Ideally, we would get the appropriate amount of sleep to keep our bodies healthy, but in our modern society things like jet lag, extended work hours, or using electronic devices cause disruptions in our sleep/wake cycle often leading to fewer hours of quality sleep. Most people suffer from chronic sleep restriction rather than complete deprivation, but there are very few studies that explore the effects of sleep restriction. Amita Sahgal and Aalim Weljie from the University of Pennsylvania and Peter Meerlo, from the University of Groningen in The Netherlands, investigated at how chronic sleep restriction affects the body's metabolic processes.

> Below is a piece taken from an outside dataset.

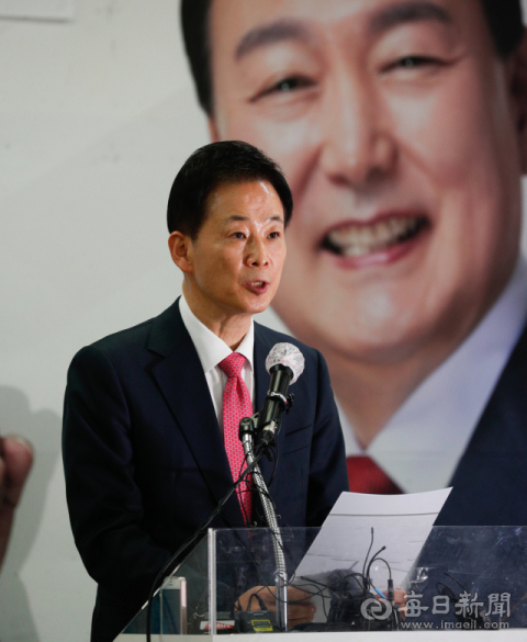 박근혜 전 대통령 측근인 유영하 변호사가 1일 국민의힘 대구시당에서 대구시장 출마 선언을 하고 있다. 우태욱 기자 woo@imaeil.com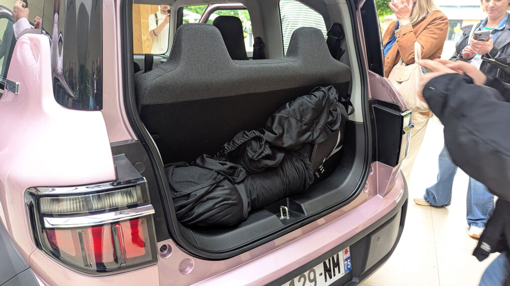 Pour l’avoir observé de près, le Vinfast VF3 soulève quand même des doutes. Peut-il vraiment convaincre les clients européens ? Les véhicules 3 portes sont devenus rares, car peu pratiques. En plus, ce VF3 n’a aucun coffre, à moins de rabattre la banquette arrière, transformant le véhicule en 2 places. L’intérieur est spartiate : des plastiques durs, des sièges en tissu, pas de rangement, aucune fioriture, juste un écran central qui apporte de la modernité. Malgré des performances limitées et cet intérieur basique, le VF3 est bien considéré comme une voiture, enfin une mini-voiture et non comme un quadricycle lourd.

Their work is published in the Proceedings of the National Academy of Sciences.
Recent studies have shown that lack of sleep may be a culprit for increased risks of several health issues including obesity, heart disease, and diabetes. One theory is that sleep deprivation causes metabolic changes including changes in the brain's metabolic pathway. Sehgal, et al found two metabolites common in both rats and humans that change after chronic sleep restriction, oxalic acid and diacylglycerol 36:3. Both are byproducts of two different metabolic processes, but behave similarly when rats or humans lack sleep.
For the human subjects and the rat models, a baseline reading of blood metabolite content was taken after a 12-hour fast and eight to 10 hours of sleep. Then, both groups were subjected to five days of sleep that was restricted to four hours per night. Blood was taken after one night to test acute sleep restriction and taken after five nights to test chronic sleep restriction. Finally, blood was taken after a "recovery" night of eight to 10 hours of sleep to see if the metabolic profile returned to baseline levels.
While there was variation in metabolite composition between humans and rats, both showed an increase in phospholipids after acute and chronic sleep restriction. The particular phospholipids varied between the two, but indicated that under restricted sleep, the metabolic processes are operating in an oxidative environment. Both rats and humans showed a distinct decrease in oxalic acid and diacylglycerol 36:3 levels. Additionally, both showed a return to baseline levels for most, but not all, metabolites after a recovery night.
The reasons for reduced oxalic acid levels are likely from reduced synthesis or increased gut microbiota processing, and not from dietary intake. It is unclear why diacylglycerol levels are reduced in both humans and rats. Even though more studies are needed to determine why these levels decrease in both humans and rats, because oxalic acid and diacylglycerol 36:3 responded similarly in both species, they can serve as biomarkers for sleep loss.
Other results were species specific. After chronic sleep restriction, the rats had indicators of oxidative stress, which is due to the buildup of oxidants that are typically removed after sleeping, but humans did not show oxidative stress after four hours of sleep per night. Prior studies had shown that completely sleep deprived, humans showed signs of oxidative stress. This suggests that humans may be able to counteract the effects of oxidative stress with less sleep more easily than rats. The human subjects did show elevated levels of the amino acids, tryptophan and phenylalanine, both of which are precursors for neurotransmitter production, suggesting that amino acid metabolism is affected by sleep restriction.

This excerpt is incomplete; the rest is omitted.